16. The display device of claim 15,

wherein the second transistor includes a second active pattern, a second gate pattern, a second source electrode, and a second drain electrode, and wherein,

the compensation pattern further includes: a third metal pattern disposed on the second metal pattern, and wherein a second compensation capacitor is formed in an area where the second metal pattern and the third metal pattern overlap each other, and wherein the third metal pattern includes a same material as the second gate pattern.

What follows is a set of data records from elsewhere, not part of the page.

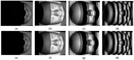 In the experiments, in order to cover the whole projection range, there should be four coding patterns for both ternary Gray-code methods. Figure 6a–d show the four coding patterns for the original ternary coding method when the projector is nearly focused, while Figure 6e–h show the coding patterns for the proposed method. From the figures, it can be seen that the structures or variations are clearly noticeable for the original method in the intermediate gray region, while the proposed method provides a more smooth intensity distribution.
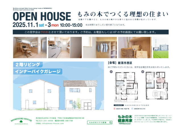 もみの木の家の完成見学会を開催致します! 令和7年11月1日(土)~3日(月・祝) 時間は10時~17時になります。 場所は、新潟市西区です。 ご予約いただいた方には、見学会会 ... 続きを読む »
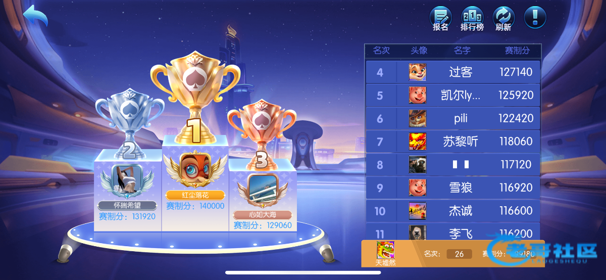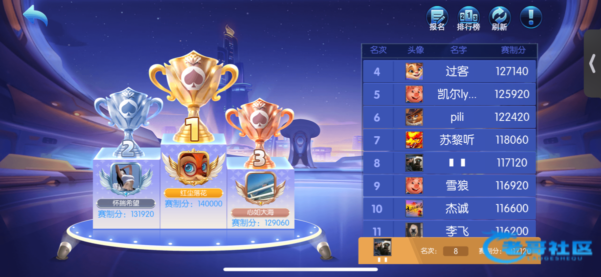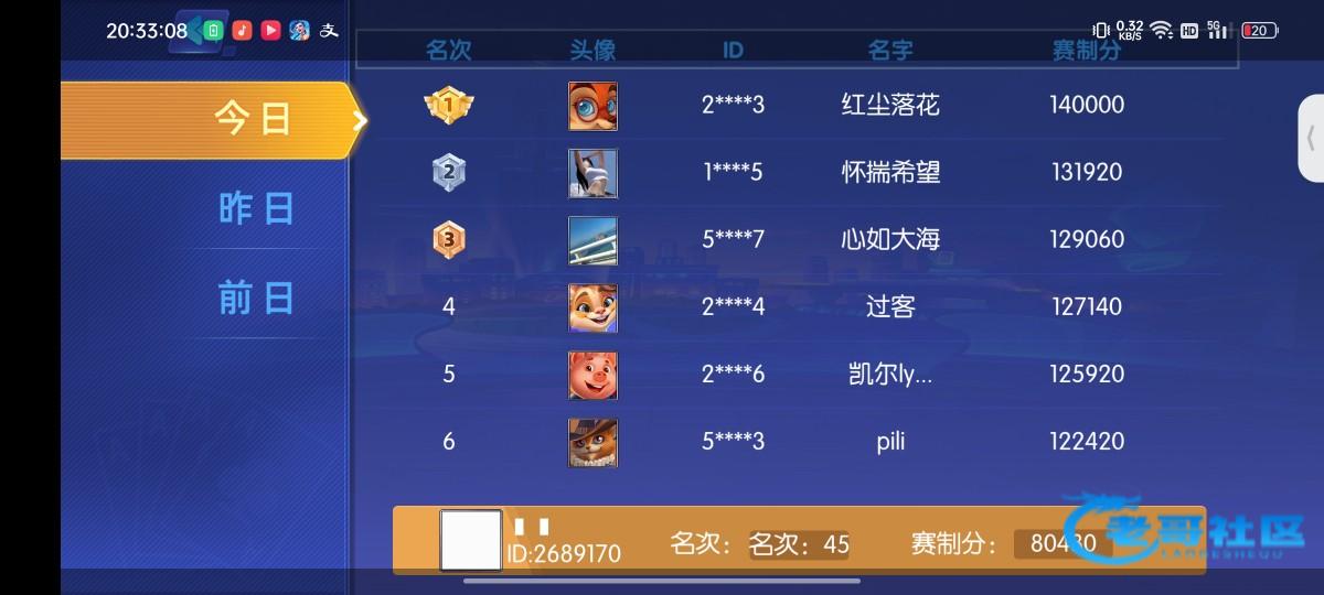 兄弟每天的排名我都记录了的都送了,人家第一名我都给了144,自己当时不发过了几天来领,名次也发的不对
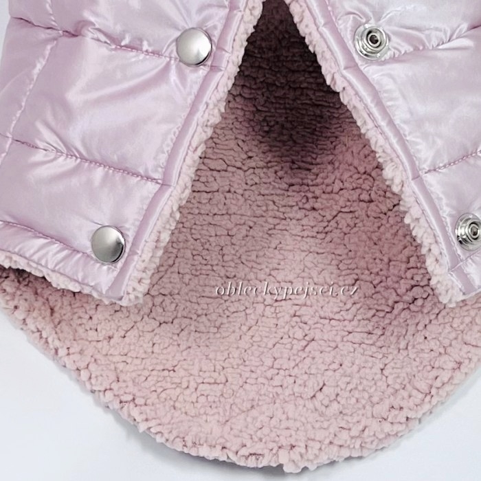 - ušitá je z velmi kvalitního teplého zimního, částěčně nepromokavého, šusťákového proševu z decentně matným leskem, podšitá hebkou a hřejivou sherpou ve světle pudrově růžové barvě
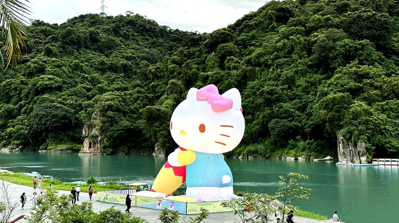 13米巨萌Hello Kitty降落碧潭!5位三麗鷗明星化身療癒地景,拿筆寫字畫畫有夠Q
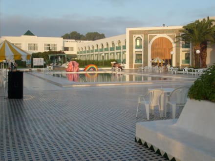 Pool mit Blick auf das Hotel
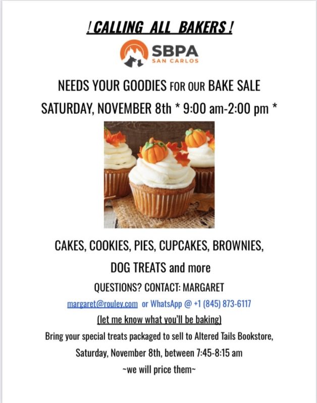 Sample delectable baked goods at the SBPA Book Fair & Bake Sale on Saturday, November 8 from 9:00am to 2:00pm, at the Altered Tails Book Shoppe at Marina San Carlos (between Hammerheads and Barracuda Bob’s).
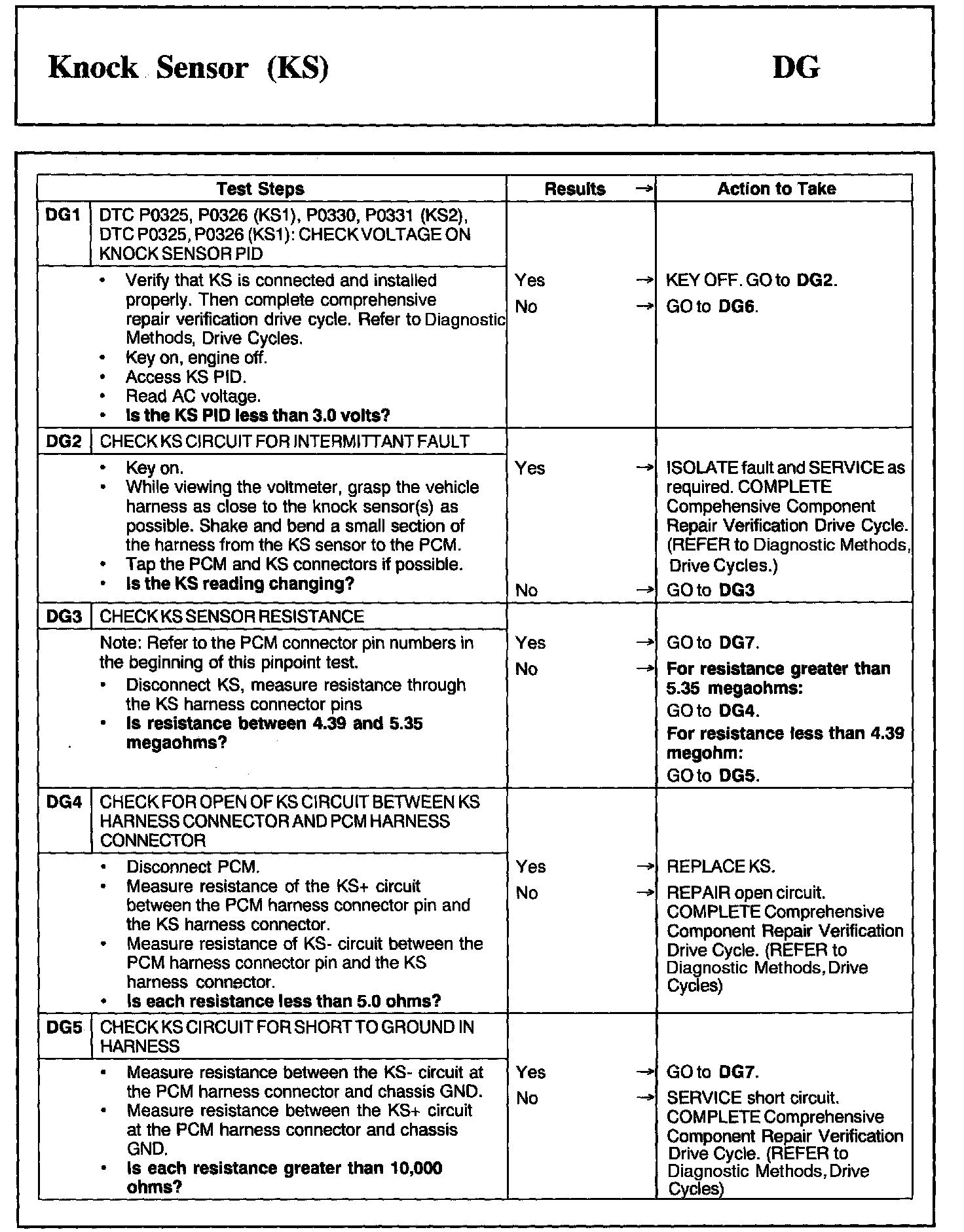 Tests DG: Knock Sensor (KS)
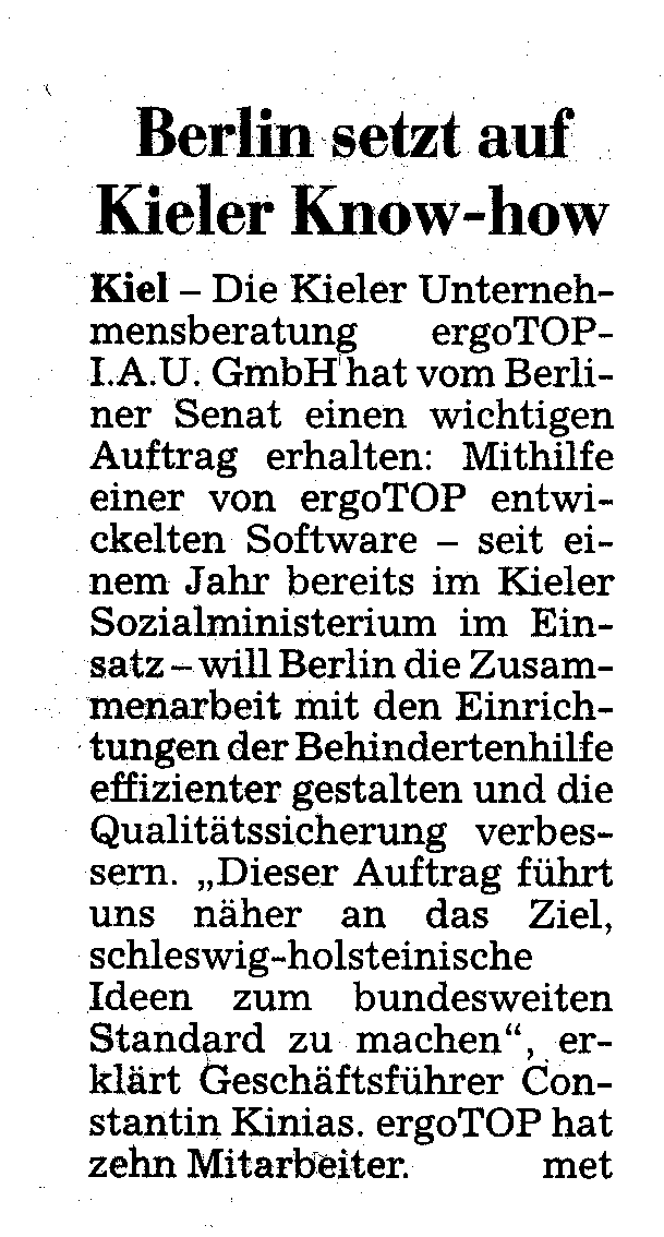 Berliner Senat beauftragt ergoTOP Berlin setzt auf Kieler Know-how
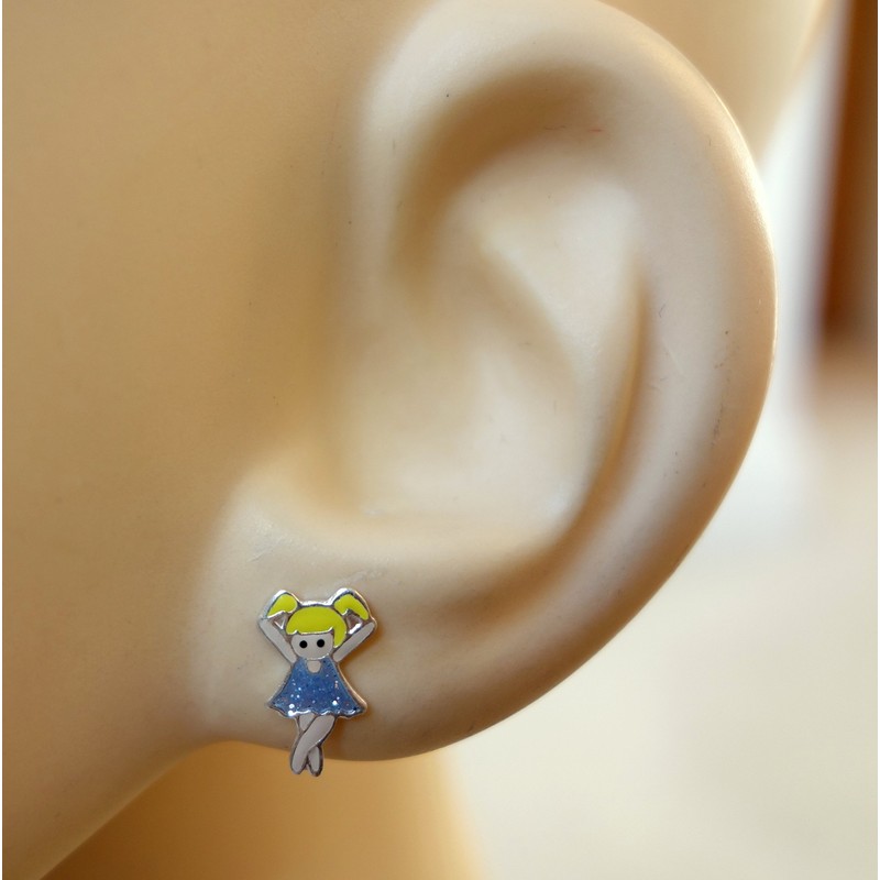 Dancer Earrings with Blonde Hair 925 Sterling Silver
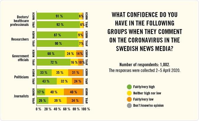 The survey also showed that Swedes trust the information issued by doctors and other healthcare professionals and researchers relative to other professional newsgroups and commenters. On the other hand, the second survey also showed that the percentage of people who said they trusted government officials went up by 12 points from 60 to 72 percent.
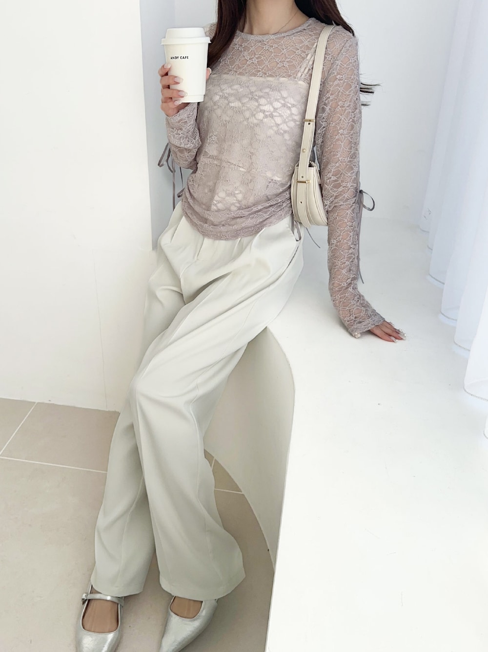 classicalelfクラシカルエルフ(Classical Elf ZOZOTOWN)のTシャツ/カットソー「【mily bilet】甘さと品を一枚に。視線集まるシアージャガード総レースサイドサテンリボントップス(長袖)」を使ったコーディネート

17. The display device of claim 16, wherein the compensation pattern further includes:

a fourth metal pattern disposed on the second metal pattern, and

wherein a third compensation capacitor is formed in an area where the third metal pattern and the fourth metal pattern overlap each other, and

wherein the fourth metal pattern includes a same material as the first source electrode and the first drain electrode.

18. The display device of claim 12, wherein the compensation pattern is disposed to correspond to each pixel column.

19. The display device of claim 18, further comprising:

a plurality of data lines connected the plurality of pixels located in a corresponding pixel column, extending in the first direction, and spaced apart from each other in the second direction,

wherein each of the plurality of data lines has a different internal capacitance, and

wherein the compensation pattern provides a compensation capacitance for compensating for a deviation of the internal capacitance between the plurality of data lines.

20. The display device of claim 19, wherein the compensation capacitance increases as a distance of a corresponding pixel column from a virtual line passing through a center of the display area and extending in the first direction increases.